Why people still try this form of cheating goes beyond common sense. The dealer is not the only casino employee watching the table. Surveillance cameras and mounted above the pit area, and the “eye in the sky” catches every movement at the table. Security personnel are trained to spot such chip manipulation. Still, desperate players keep trying, which results in getting ejected from the casino at the very least and more often arrested or permanently banned.

Another common ploy is to buy Roulette chips of a certain color at a dollar table, pocket some of them, and then add them back into play among similarly colored stacks at the five- or ten-dollar tables. This assumes that the chips are unmarked and appear to be identical.
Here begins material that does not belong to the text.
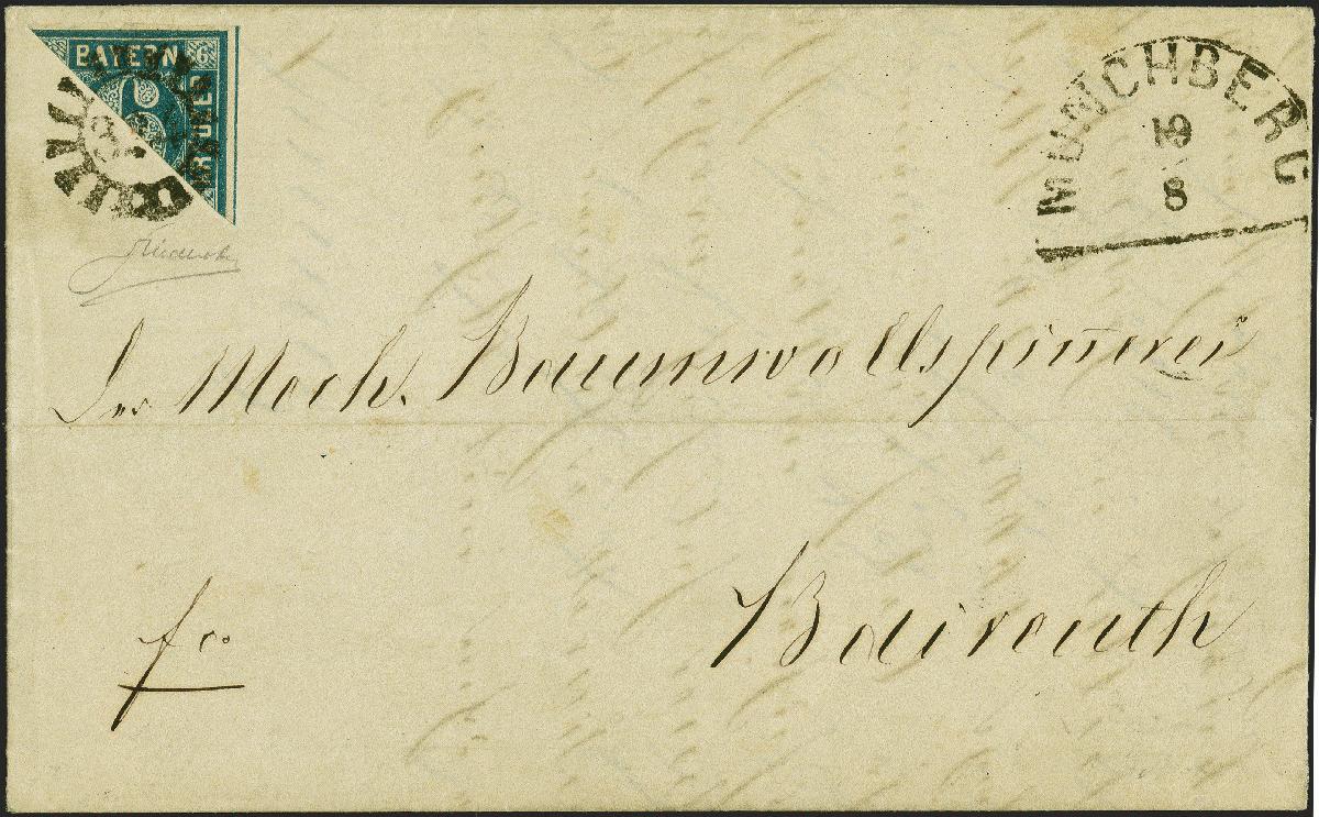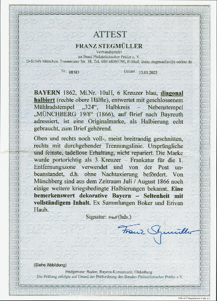 | Zusatzinformationen und Suchstichworte: | 382. Auktion Heinrich Köhler 18. – 23. September 2023 Los 37 6 Kreuzer blau, diagonal halbiert, rechte obere Hälfte, schöne Tiefe Farbe, kurz noch voll-, sonst breitrandig, mit gerade aufgesetztem gMR "324" auf komplettem Faltbrief mit nebengesetztem Halbkreisstempel "MÜNCHBERG 19/8" (1866) nach Bayreuth mit Ankunftsstempel. Ursprüngliche und tadellose Erhaltung. Einer der schönsten Briefe mit dieser Halbierung. Signiert Friedl und Fotoattest Stegmüller BPP (2023) Ausruf 8.000,00 EUR |

They rarely are, of course, and keen-eyed croupiers will immediate spot the fakes.

One type of cheat that targets other players rather than the casino is the “snatch.” When a player looks away momentarily, perhaps because of an intentional distraction or simply to position chips on the table, a bystander will grab a few chips from the player’s stack, hoping they go unnoticed. Again, surveillance usually catches such thieves, but it is always a good idea to keep an eye on one’s chips at all times.

High-Tech Cheating

Most of the cheats who have won big at casinos by playing Roulette have done so with the aid of special devices. In 2005, for example, Hungarian gambler Laszlo Kovacs hid a small computer in his shoe. By tapping the sole of the shoe directly beneath the roulette table, he was apparently able to measures the wheel speed and ball velocity, which allowed calculation of where the ball was most likely to land. He managed to cheat Australian casinos out of $200,000 before getting caught.
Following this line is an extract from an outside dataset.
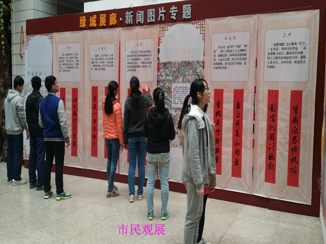 为丰富首府南宁春节文化氛围,活跃群众节日文化生活,为广大市民百姓送上丰盛的节日文化大餐,“同筑中国梦•共度书香年”楹联文化展于1月27日在南宁市图书馆“绿城展廊”开展。此次楹联文化展依托中国传统文化,紧贴百姓迎春习俗,为南宁市民奉上了新春第一道“文化大餐”,受到了广大南宁市民的欢迎。

Of course, all such devices are banned in casinos. Knowing this, one maker of a handheld cheating device that looks like a mobile phone came up with a new way to use it to make money that was not only impossible for the casinos to stop, but also completely legal—selling it on the Internet to hundreds of other would-be cheats.

The manufacturer’s promotion states that “Contrary to popular belief, application of these devices (is) actually legal in approximately half of jurisdictions. This is because most laws only state that the spin outcomes can not be influenced, but nothing is said about merely ‘predicting’ spin outcomes.”

Buyer beware. Casinos can eject any player at any time, and they will if they believe cheating is involved. Use of mobile phones, calculators and computers at the tables is strictly forbidden. There are many ways to win at Roulette legitimately, so cheating with such devices is certainly not an advisable practice.